3. The Growing Presence of Foreign Investors in China

For quite some time, global fund managers have continued to shun China A-shares. Instead, they have used China-related stocks, such as Hong Kong’s H-shares, or Chinese companies listed in New York, as proxies to invest directly into China. Now, the global investment community, which tracks MSCI indices, will be more obliged to invest in A-shares. Foreign investors, especially institutional investors, are more focused on the long-term, and will be the cornerstone of investment capital in the China A-share market. This will, in turn, reduce market volatility and cultivate more rational investing.

How Can Interested Investors Participate?

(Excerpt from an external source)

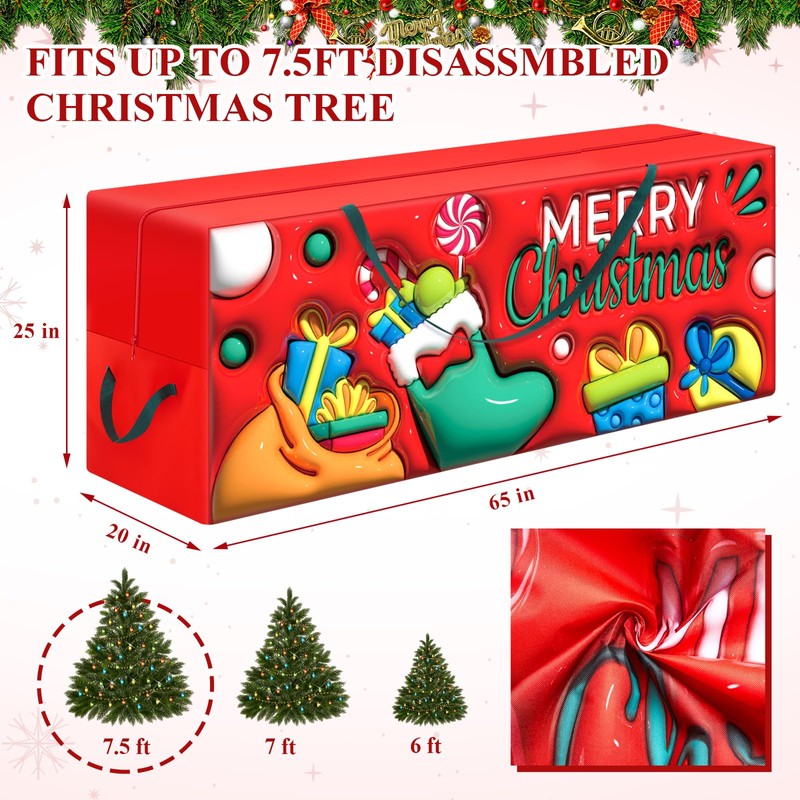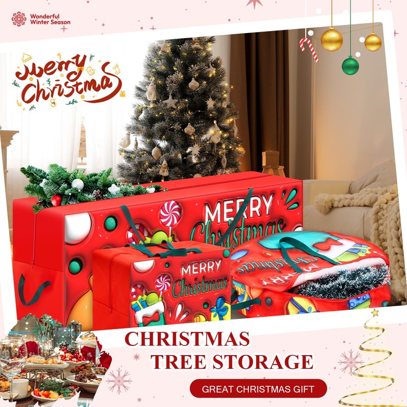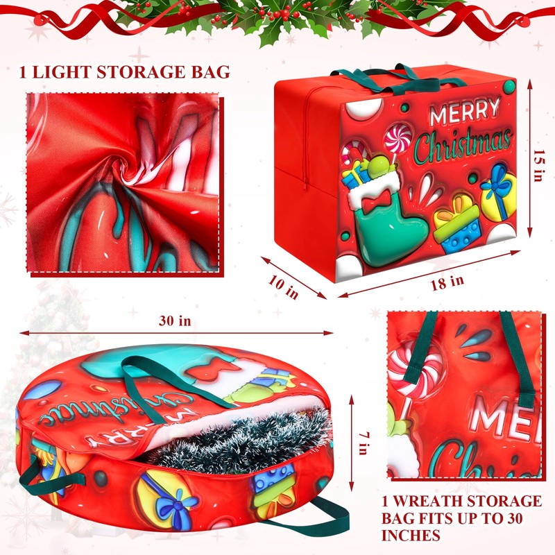 - Christmas Storage Bag Set: package includes 1 pc large Christmas tree storage container, which can hold a 9 ft tall detachable Christmas tree, 1 pc 30 inch Xmas wreath storage bag, 1 pc light string storage bag; The exquisite Christmas element pattern design on the storage bag adds a Christmas atmosphere while storing

  • Understand the constituents of the Chinese equity market:
    • Offshore market – Chinese companies listed in HK and New York
    • Onshore market – Chinese companies listed in Mainland China (China A-shares)
  • Be on alert for potential MSCI China A-share Further Inclusions
  • Indirectly invest in China A-shares through emerging market ETFs or mutual funds
  • Directly invest in ETFs tracking onshore China A-shares based on market capitalization
    • CSI 300 index – Consists of the 300 largest and most liquid A-share stocks (large-cap). 
    • CSI 500 index – Consists of the largest remaining 500 A-shares (small-mid cap).  
    • ChiNext Index – Consists of the 100 largest and most liquid A-shares listed on the ChiNext Market of the Shenzhen Stock Exchange. It consists of innovative businesses and emerging industries, and is considered to be like a “Chinese Nasdaq.”

China’s market valuation is relatively low, compared with that of developed markets. That said, the uncertainty of the economic impact from the coronavirus and potential future geopolitical conflicts, does warrant caution when investing in this region. Long-term growth-oriented investors should speak to their advisor about revisiting their asset allocation, and review whether it would be appropriate to include emerging markets or Chinese companies. Investing in China may not be suitable for all investors. However, even those who do not own Chinese stocks directly should still pay attention to its market developments. As the second-largest economy in the world, its’ sheer size has the ability to influence investment sentiment and the global market direction as a whole.